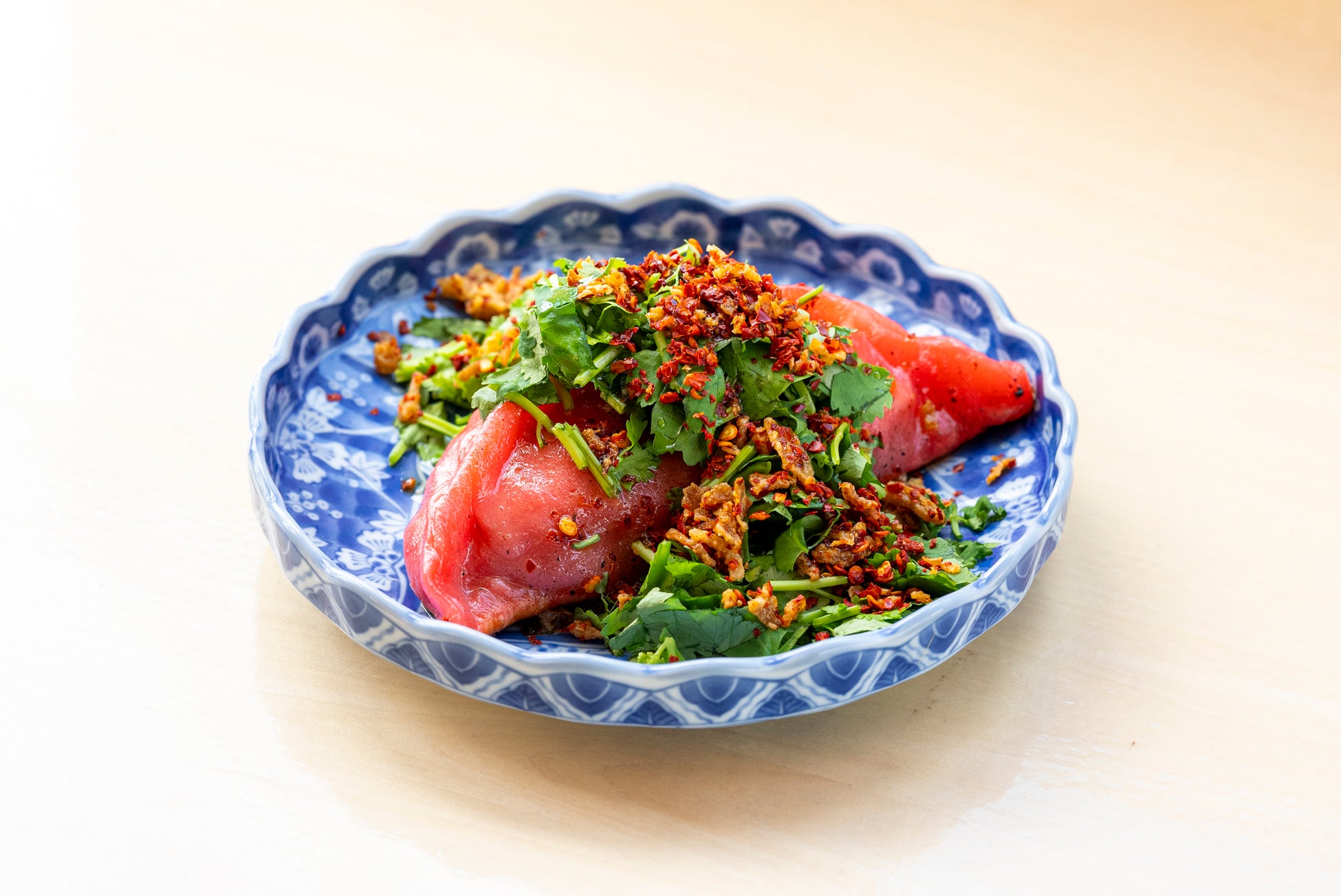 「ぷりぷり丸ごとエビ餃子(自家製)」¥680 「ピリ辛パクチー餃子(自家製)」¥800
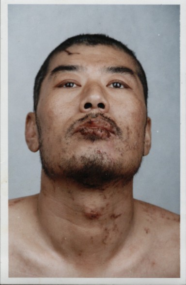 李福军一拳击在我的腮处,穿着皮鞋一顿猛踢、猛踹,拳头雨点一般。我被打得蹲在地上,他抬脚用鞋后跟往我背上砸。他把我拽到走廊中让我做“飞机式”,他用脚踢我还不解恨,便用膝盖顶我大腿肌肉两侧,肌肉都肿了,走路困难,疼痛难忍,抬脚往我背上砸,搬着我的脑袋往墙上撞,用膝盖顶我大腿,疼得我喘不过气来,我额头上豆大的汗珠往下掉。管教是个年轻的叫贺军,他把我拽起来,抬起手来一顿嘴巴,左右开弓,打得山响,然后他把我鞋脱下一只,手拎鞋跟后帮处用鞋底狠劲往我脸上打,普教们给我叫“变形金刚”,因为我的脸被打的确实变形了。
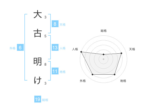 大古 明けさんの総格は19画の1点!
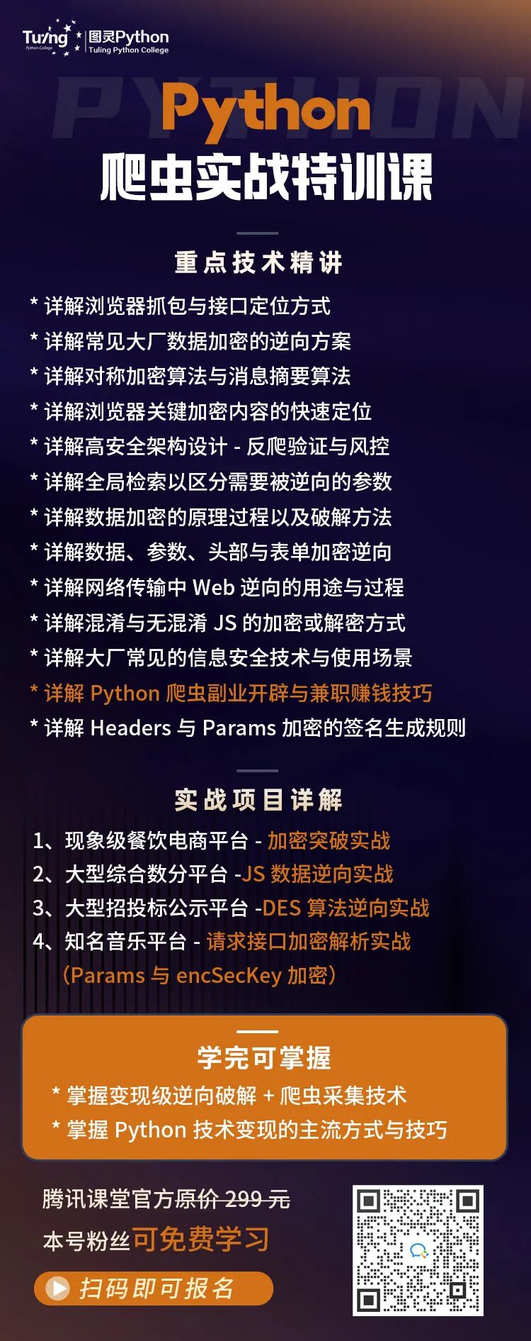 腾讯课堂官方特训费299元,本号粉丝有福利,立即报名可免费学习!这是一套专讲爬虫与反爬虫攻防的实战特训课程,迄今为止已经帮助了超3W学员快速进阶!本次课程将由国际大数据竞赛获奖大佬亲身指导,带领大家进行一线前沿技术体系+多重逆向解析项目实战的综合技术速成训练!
• • •
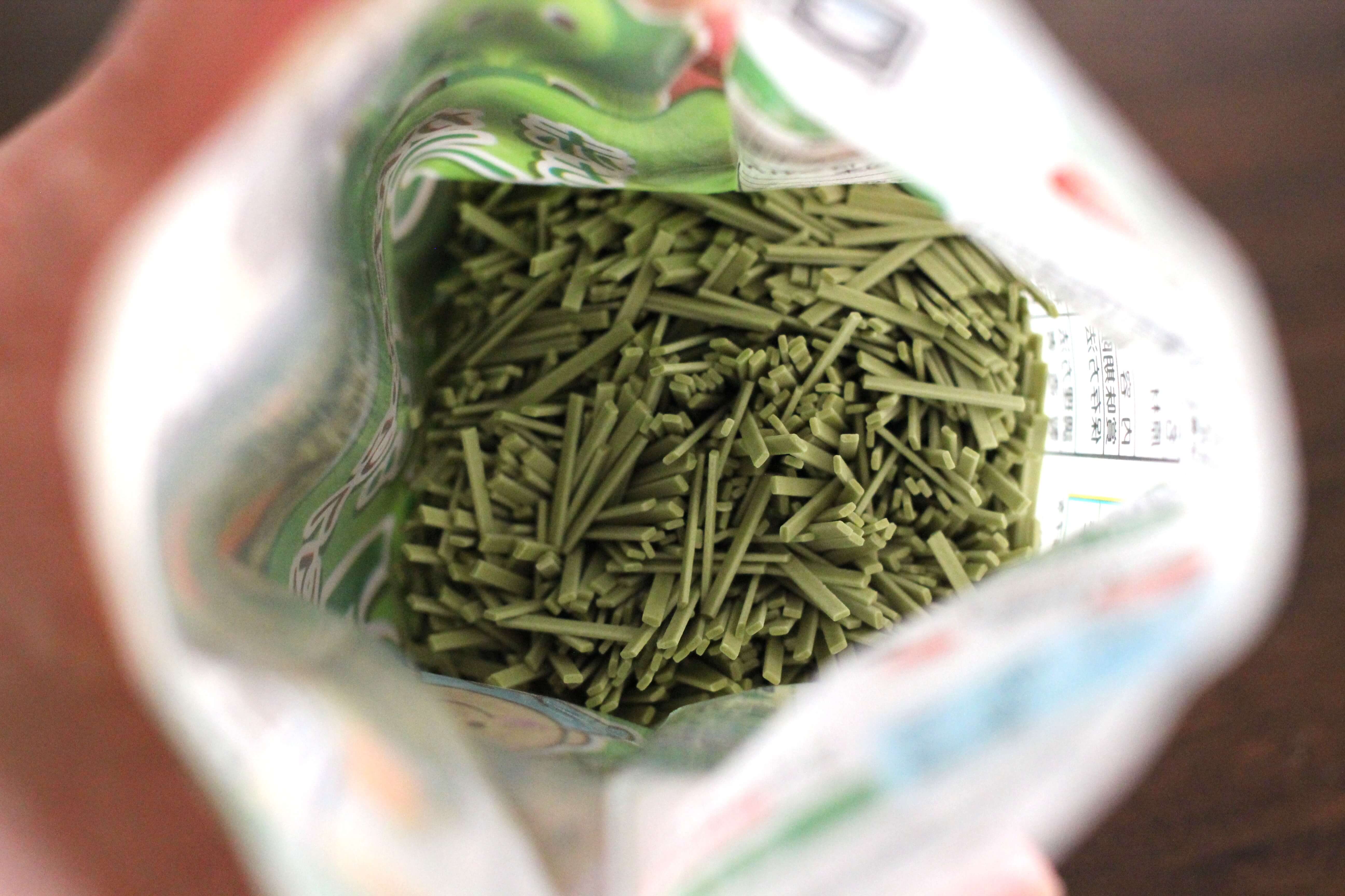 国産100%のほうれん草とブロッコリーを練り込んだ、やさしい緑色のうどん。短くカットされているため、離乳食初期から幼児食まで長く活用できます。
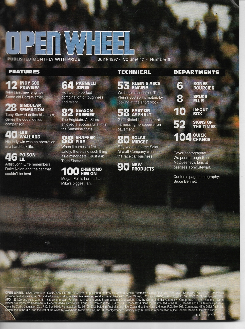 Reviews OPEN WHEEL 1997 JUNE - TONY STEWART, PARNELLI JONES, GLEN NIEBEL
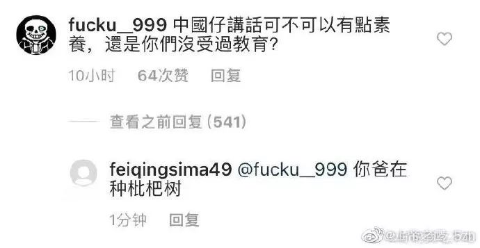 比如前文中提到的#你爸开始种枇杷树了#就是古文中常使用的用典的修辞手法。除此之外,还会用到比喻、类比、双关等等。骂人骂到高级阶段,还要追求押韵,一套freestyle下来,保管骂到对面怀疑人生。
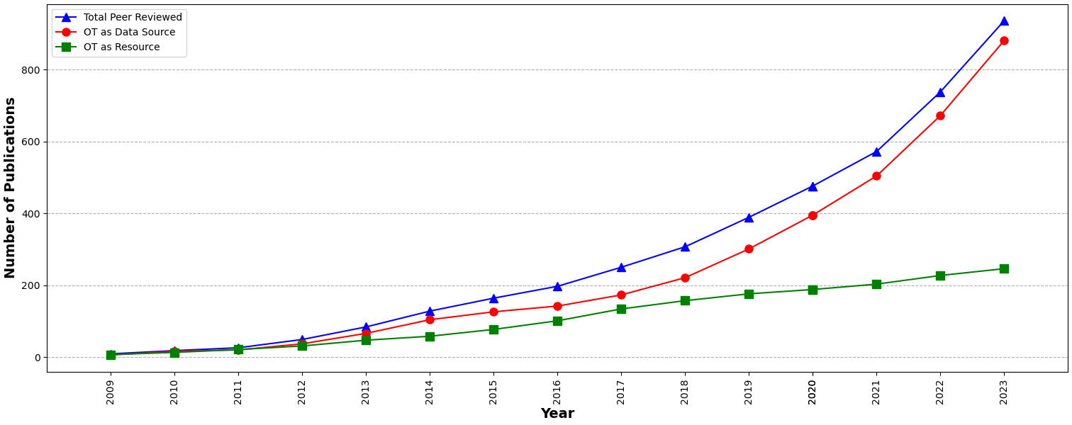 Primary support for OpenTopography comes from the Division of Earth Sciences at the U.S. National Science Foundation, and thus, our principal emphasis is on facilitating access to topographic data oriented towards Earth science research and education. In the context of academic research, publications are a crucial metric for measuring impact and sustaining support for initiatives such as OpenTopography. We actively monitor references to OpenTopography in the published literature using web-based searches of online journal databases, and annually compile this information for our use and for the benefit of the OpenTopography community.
• • •
ABOUT THIS EXERCISE >>
Given the listing above, repeat exactly the lines starting at the one with "李福军一拳击在我的腮处,穿着" and ending at the one with "腾讯课堂官方特训费299元,本号粉丝有福", inclusive, excluding pictures.

SOLUTION FOR THIS EXERCISE >>
 李福军一拳击在我的腮处,穿着皮鞋一顿猛踢、猛踹,拳头雨点一般。我被打得蹲在地上,他抬脚用鞋后跟往我背上砸。他把我拽到走廊中让我做“飞机式”,他用脚踢我还不解恨,便用膝盖顶我大腿肌肉两侧,肌肉都肿了,走路困难,疼痛难忍,抬脚往我背上砸,搬着我的脑袋往墙上撞,用膝盖顶我大腿,疼得我喘不过气来,我额头上豆大的汗珠往下掉。管教是个年轻的叫贺军,他把我拽起来,抬起手来一顿嘴巴,左右开弓,打得山响,然后他把我鞋脱下一只,手拎鞋跟后帮处用鞋底狠劲往我脸上打,普教们给我叫“变形金刚”,因为我的脸被打的确实变形了。
 大古 明けさんの総格は19画の1点!
 腾讯课堂官方特训费299元,本号粉丝有福利,立即报名可免费学习!这是一套专讲爬虫与反爬虫攻防的实战特训课程,迄今为止已经帮助了超3W学员快速进阶!本次课程将由国际大数据竞赛获奖大佬亲身指导,带领大家进行一线前沿技术体系+多重逆向解析项目实战的综合技术速成训练!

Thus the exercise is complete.